Task instructions
Write exactly the lines running from the start of the material below to the line that includes "结合持续性能剖析所获取的 CPU 使用趋势,发现异常集中在", and include no pictures.

Source data
::::::

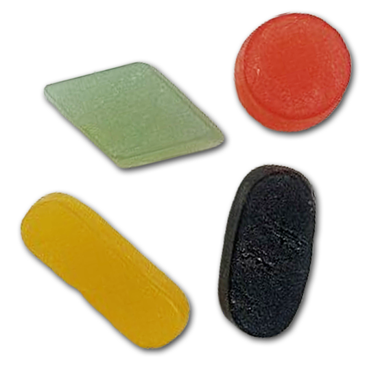 | Ingredienser | Sødemiddel (maltitol), vand, stivelse, gelatine, syre E330, aromaer, farve: E120, E141 E161b, E153, overfladebehandlingsmiddel (E903) |
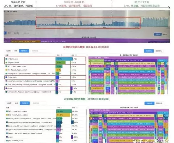 结合持续性能剖析所获取的 CPU 使用趋势,发现异常集中在 00:01:00 至 00:03:13 这两分钟内。由于故障持续时间极短,准确识别根因成为防止复发的关键。得益于 DeepFlow 的零侵扰、低开销持续剖析能力,系统完整记录了故障期间应用进程的 On-CPU 剖析数据。运维人员随即对比正常时段与异常时段的火焰图差异:
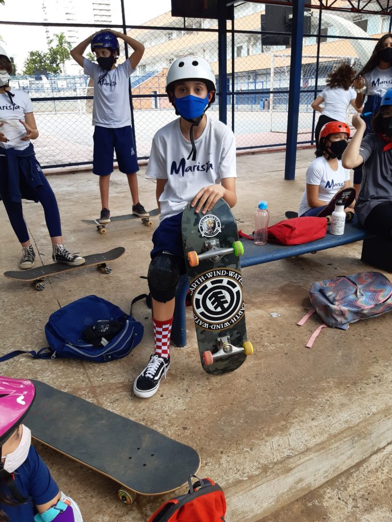 As Olimpíadas de Tóquio foram o “empurrãozinho” para que o Colégio Marista Goiânia introduzisse uma oficina de skate entre as diversas práticas oferecidas pelo Núcleo de Atividades Complementares (NAC). Com duas turmas lotadas de alunos do primeiro ao 9º ano do Ensino Fundamental, as aulas começaram no dia 03 de setembro e acontecem nas quadras externas da escola.

::::::

Task output
 | Ingredienser | Sødemiddel (maltitol), vand, stivelse, gelatine, syre E330, aromaer, farve: E120, E141 E161b, E153, overfladebehandlingsmiddel (E903) |
 结合持续性能剖析所获取的 CPU 使用趋势,发现异常集中在 00:01:00 至 00:03:13 这两分钟内。由于故障持续时间极短,准确识别根因成为防止复发的关键。得益于 DeepFlow 的零侵扰、低开销持续剖析能力,系统完整记录了故障期间应用进程的 On-CPU 剖析数据。运维人员随即对比正常时段与异常时段的火焰图差异:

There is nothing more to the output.